Telling a feature-film-length “Hannah Montana” story

In telling a feature-film-length “Hannah Montana” story, the producers wanted to find a director who would knock down the confines of the sitcom walls and bring Miley/Hannah’s world to a big-screen reality. Producers Millar and Gough needed a performance-oriented director with the breadth of experience to take the film’s wide range of music, comedy and drama and craft a simple, genuine story of a teenage girl searching for her true self.

“If you look at Peter Chelsom’s films, all the ingredients for this movie are in those movies—comedy, family, melody and emotion. Peter covers the gamut in his films,” says Gough. “Peter always gets the performance, it always comes first, and we needed a director to take most of these kids through their first film, especially Miley. Peter was an actor for 10 years working with The Royal Shakespeare Company, The Royal National Theatre and in TV and film, so to have a director who can actually speak to the actors and bring a range of vision and an experienced hand is exactly what we wanted.”

In addition to his strengths as a visualist and performance-oriented director, Chelsom also brought a couple of other highly desirable attributes, including a complete lack of knowledge about the secret pop-star sensation.

“He had never heard of Hannah Montana, which made it even better because we wanted fresh eyes on the material,” says Millar. “We wanted the script to work without knowledge of the show or the characters, and it did.

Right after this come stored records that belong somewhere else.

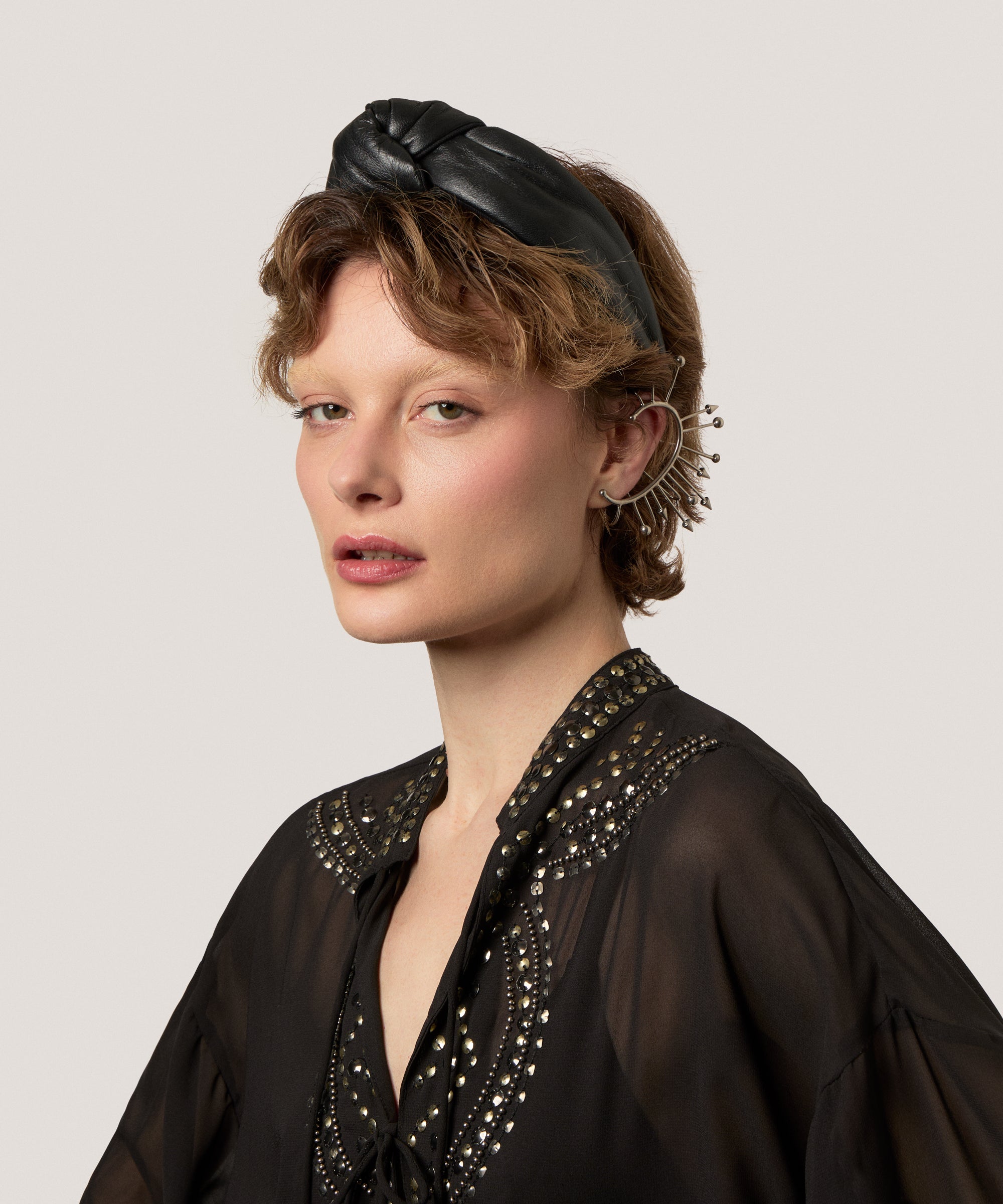 Leather Knotted Headband in Black
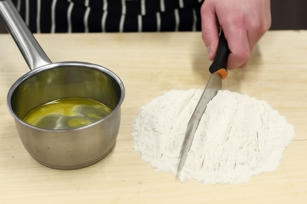 Przesiej mąkę na stolnicę i uformuj pośrodku zagłębienie. Masło roztop w wodzie. Wodę dodawaj stopniowo do mąki i wyrabiaj ciasto. Przygotowane ciasto odstaw na pół godziny.
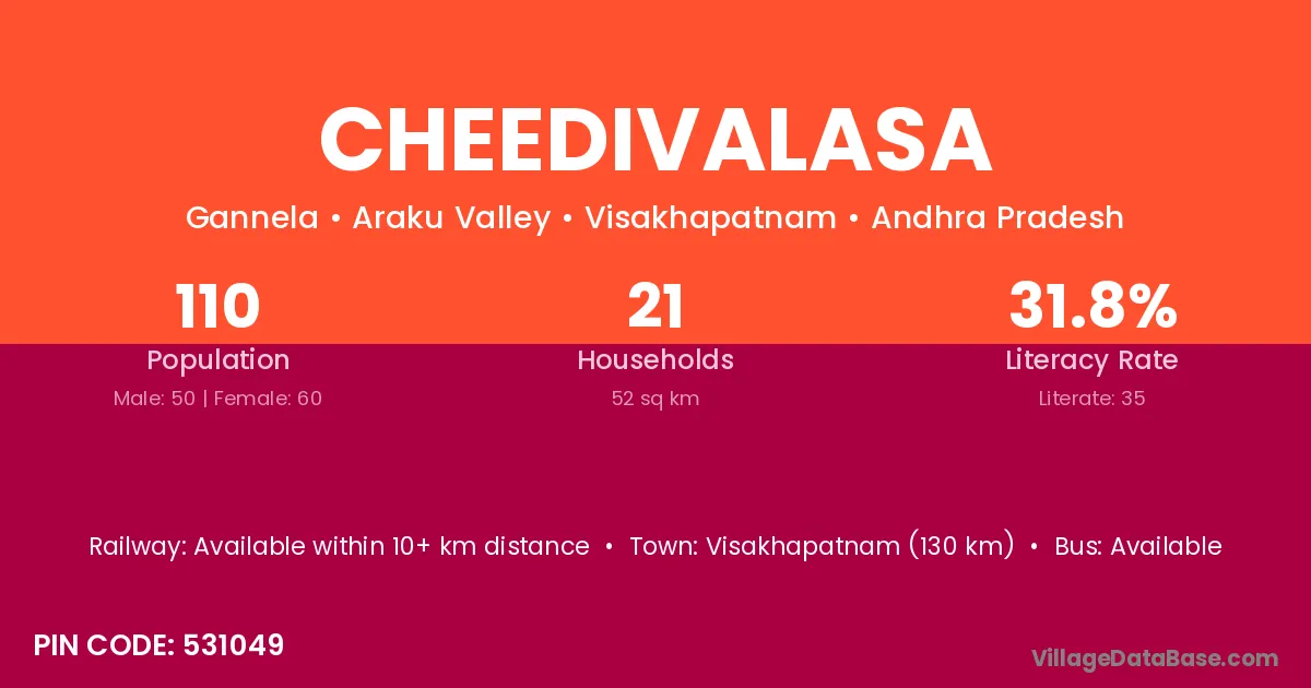 The literacy rate of Cheedivalasa village is 53.67%. Male literacy stands at 66.22% and female literacy at 41.04%.
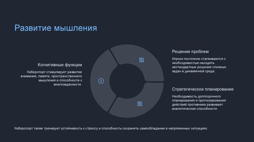 Киберспорт также тренирует устойчивость к стрессу и способность сохранять самообладание в напряженных ситуациях.
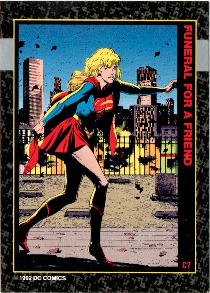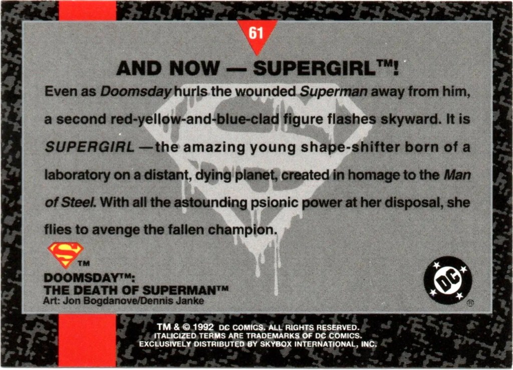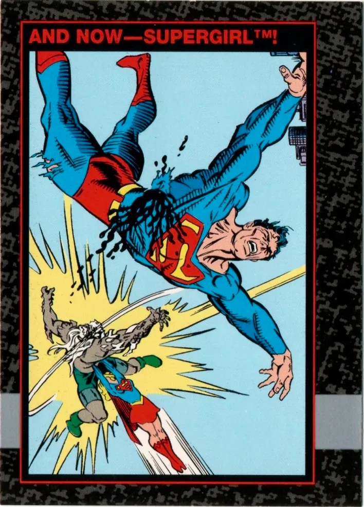1. 1992 Skybox Doomsday: The Death of Superman #61 – And Now — Supergirl. This card features the moment where Mae joins in the fight against Doomsday before failing to accomplish much of anything.
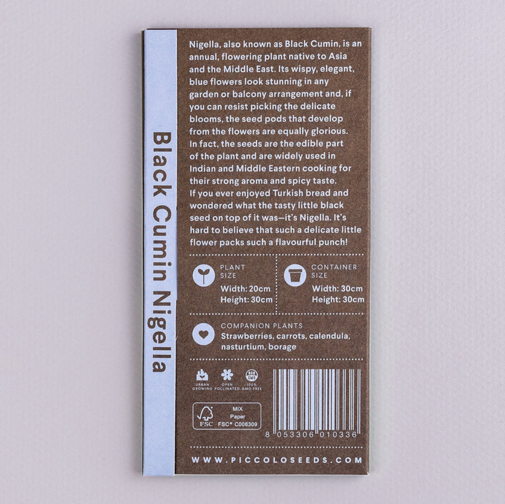 Nigella, also known as Black Cumin, is an annual, flowering plant native to Asia and the Middle East. Its wispy, elegant, blue flowers look stunning in any garden or balcony arrangement and, if you can resist picking the delicate blooms, the seed pods that develop from the flowers are equally glorious.

After Peter became involved, of course, he became completely engrossed in watching all the episodes and became a Hannah expert.”

“This film reminded me of the Disney films of the ’60s that felt like real five-course meals the whole family could go and enjoy,” says Chelsom. “Disney let me make the film I wanted. Now a film about Hannah Montana is going to have certain elements—shopping, partying, music—but we really worked hard to incorporate a lot of substance in it, to make it genuinely a family movie with range, with a richness and beauty that reminds people of those classic Disney family films.”